Supplied data START
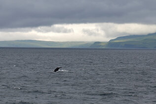 12.30 Uhr. Die Bremen läuft aus, Papageientaucher und Trottellummen begleiten das Schiff. Während des Essens am Lido-Deck unter freiem Himmel bietet der obligate Mittagswal, diesmal ein Pottwal, eine kostenlose Darbietung, die wir durchs mitgebracht Fernglas gut verfolgen können.
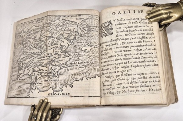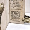 Legatura coeva in piena pergamena rigida, dorso a tre nervi con punti allumati alle cerniere, tagli inferiori con nome dell'autore manoscritto. (182)- 606-(192) pagine numerate, 8 tavole silografate a piena pagina di cui 2 f.t ripiegate raffiguranti la Spagna e la Francia, nella prima parte del testo; altre piccole illustrazioni silografiche lungo il testo raffiguranti scene belliche. Margine del frontespizio ricostruito su tutti e quattro i lati per circa 1 cm. Capilettera silografati e alcuni abitati. Le illustrazioni sono basate sull'edizione di Aldo del 1515. Edizione fra le più complete, con il "De Bello Hispanico e Alessandrino" che mancano in molte edizioni, il testo include la maggior parte dei lavori filologici realizzati sull'opera di Giulio Cesare. Esemplare in discreto stato di conservazione, alcune pagine con margini ricostruti compreso il frontespizio. Diffuse ossiodazioni e gore d'acqua su qualche carta.
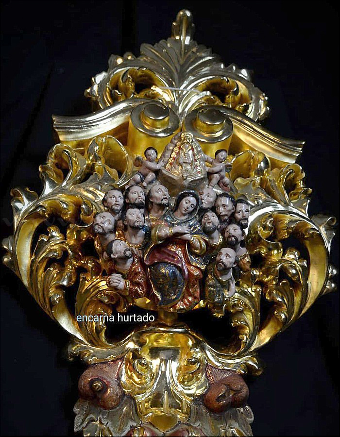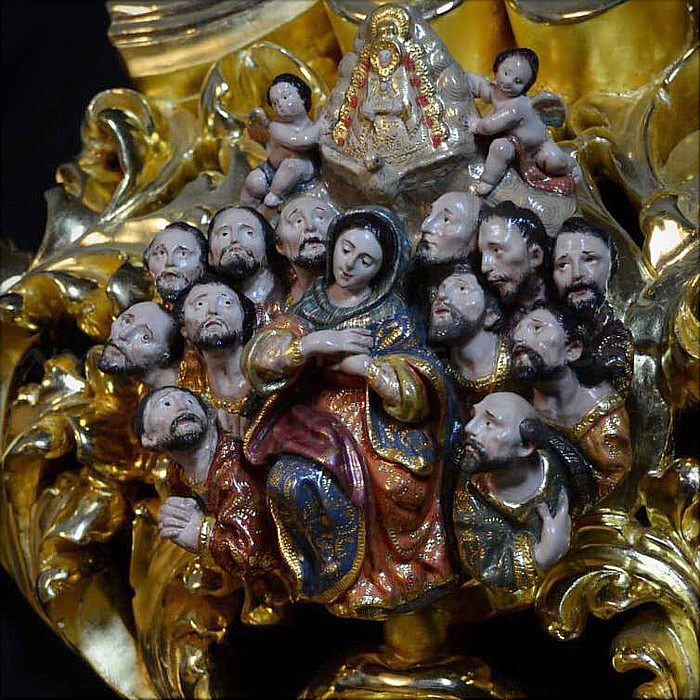 Nuevo relieve para el paso procesional de Nuestro Señor Jesucristo Resucitado (Jaime Babío, 1996-1998), titular de la cofradía homónima de El Puerto de Santa María (Cádiz). La pieza, de pequeño formato, se sitúa en el lateral izquierdo del canasto y representa la escena de la Venida del Espíritu Santo o Pentecostés. En su parte superior el relieve lleva una reproducción de la Virgen del Rocío, patrona de Almonte (Huelva), que figura portada por dos querubines. Según la cofradía, con este curioso detalle se incorpora a la escena el popular icono mariano relacionado con el Pentecostés, dotándola así de un profundo carácter devocional. Al igual que otras obras del mismo corte realizadas por la escultora e imaginera utrerana, tanto el limitado espacio al que debe ajustarse, como la abigarrada composición del pasaje, no son obstáculos para que cada figura sea tratada con esmero y de forma individualizada, lo que le otorga la calidad acostumbrada en su género. |
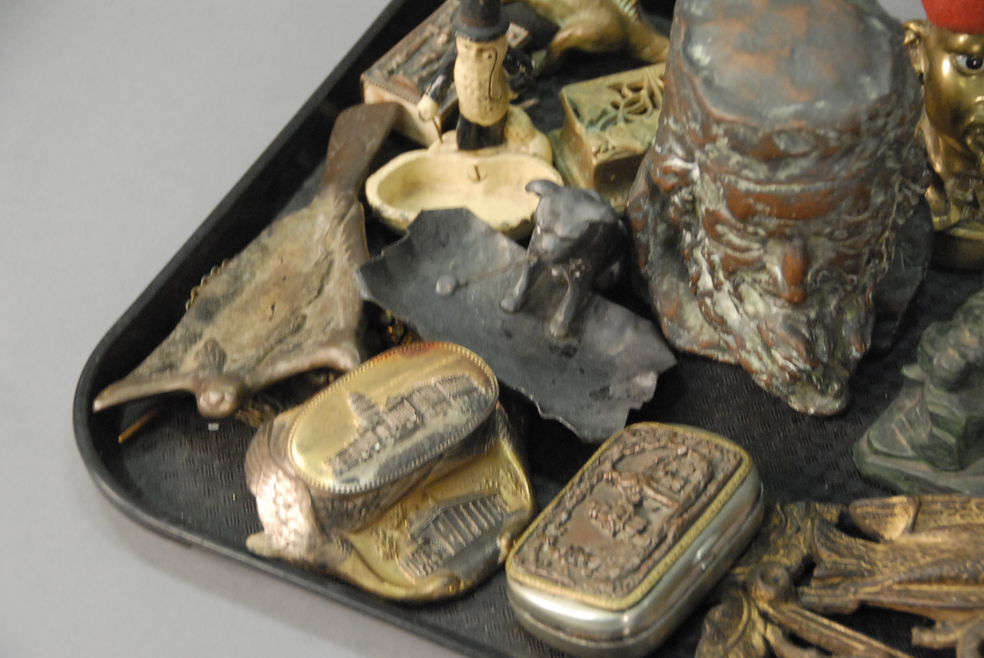 Group of metal and bronze pieces to include souvenir, and fair items, bronze head, pewter dog, boxes, match holders, etc.
Supplied data END
| Task goal |
Copy nothing but the lines from the top of the data down to the line containing "Legatura coeva in", and leave the pictures out.

| Solution to this problem |
 12.30 Uhr. Die Bremen läuft aus, Papageientaucher und Trottellummen begleiten das Schiff. Während des Essens am Lido-Deck unter freiem Himmel bietet der obligate Mittagswal, diesmal ein Pottwal, eine kostenlose Darbietung, die wir durchs mitgebracht Fernglas gut verfolgen können.
 Legatura coeva in piena pergamena rigida, dorso a tre nervi con punti allumati alle cerniere, tagli inferiori con nome dell'autore manoscritto. (182)- 606-(192) pagine numerate, 8 tavole silografate a piena pagina di cui 2 f.t ripiegate raffiguranti la Spagna e la Francia, nella prima parte del testo; altre piccole illustrazioni silografiche lungo il testo raffiguranti scene belliche. Margine del frontespizio ricostruito su tutti e quattro i lati per circa 1 cm. Capilettera silografati e alcuni abitati. Le illustrazioni sono basate sull'edizione di Aldo del 1515. Edizione fra le più complete, con il "De Bello Hispanico e Alessandrino" che mancano in molte edizioni, il testo include la maggior parte dei lavori filologici realizzati sull'opera di Giulio Cesare. Esemplare in discreto stato di conservazione, alcune pagine con margini ricostruti compreso il frontespizio. Diffuse ossiodazioni e gore d'acqua su qualche carta.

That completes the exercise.